他们口中发出兴奋的呼号,抖动着手里的缰绳。而被他们夹在其中的阿尔弗雷德脸色有些苍白,不由地紧紧捏住了手里的缰绳。
“上帝,保佑我……宽恕我的罪……我不是故意的……我不是故意的……”
在祈祷声中,冲在最前面的路易开始了最后的冲刺。作为公爵,他的马自然是所有人中最好的。他甚至觉得坐骑要从地上飞起来似的。
而这份行为打动了手下的其他骑士们。
虽然法国贵族和骑士依旧在这个时代秉承着勇敢善战的传统,但是随着威力巨大的火器的出现,骑士老爷们的冲锋也正面临着越来越大的威胁。
这让一些人已经渐渐变得胆怯,而即便是最勇敢的骑士也开始踌躇不前。
但是显然奥尔良公爵是个例外。尽管黑暗让道路难以看清,但他相信自己身下这匹老马能凭它非凡的力量和直觉避开那些可能的障碍。

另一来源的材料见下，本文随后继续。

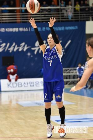 [윈터뉴스/더 바스켓=구리] 31일 오후 구리실내체육관에서 구리 KDB와 부천 KEB의 개막 경기가 열렸다. KDB 한채진이 3점슛을 시도하고 있다.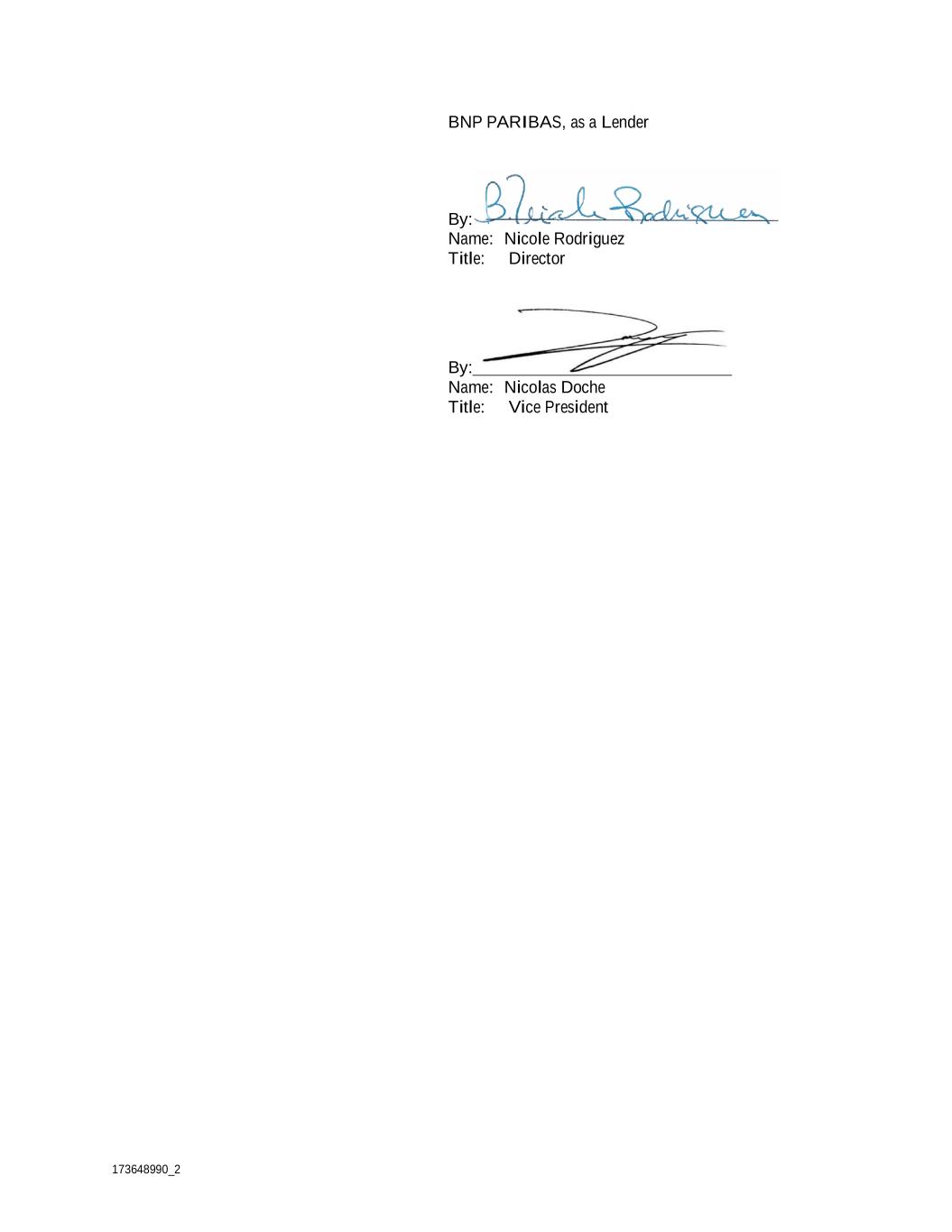 173648990_2 BNP PARIBAS, as a Lender By: Name: Nicole Rodriguez Title: Director By: Name: Nicolas Doche Title: Vice President

就在这时,他看到那辆马车在慌乱中突然拐上一条通向一座小山的崎岖道路,看着马车不住颠簸摇摆的样子,路易也不由一愣,一时间他忍不住去怀疑,那个车夫是不是被吓傻了——在道路上都跑不掉,难道上了更崎岖的山路就能逃掉么?
除非……有人接应?
想到这里,奥尔良公爵瞬间变了脸色。
随后,他听到了一阵尖锐的哨声。
以及火枪的轰鸣。
正在向前狂奔的路易忽然觉得好像被个无形的巨汉在胸口打了一拳般,身体向后骤然坠去。
骑士,拥有着强大力量的代表,自从这个庞大的群体诞生之后,就和法兰西结下了不解之缘。
不论是自查理曼的时代的开始,还是诺曼挺进英格兰的远征,或是第三次十字军东征时与萨拉丁之间的信仰的碰撞,或者是几十年前那场漫长的百年战争当中,不论是曾经风光还是惨淡失败,骑士这个庞大的群体都参与了这形形色色的一场场决定着法兰西命运的战争。
甚至即便是付出过无数代价的阿金库尔的血色悲剧,也没有能抹去骑士那令人望而生畏的影子。
他们发起进攻时,没有人能否认他们依旧是战场上最令人畏惧的力量。
直到火器的出现。
火枪和骑兵,能够结合在一起吗?
在从马上跌落之前,路易从来没想过这个问题。
因为火绳枪不但需要点燃火绳,更要防止火绳在燃烧时候的意外熄灭,所以至少现在,还没有人想到可以让骑兵在奔跑的战马上射击的方法。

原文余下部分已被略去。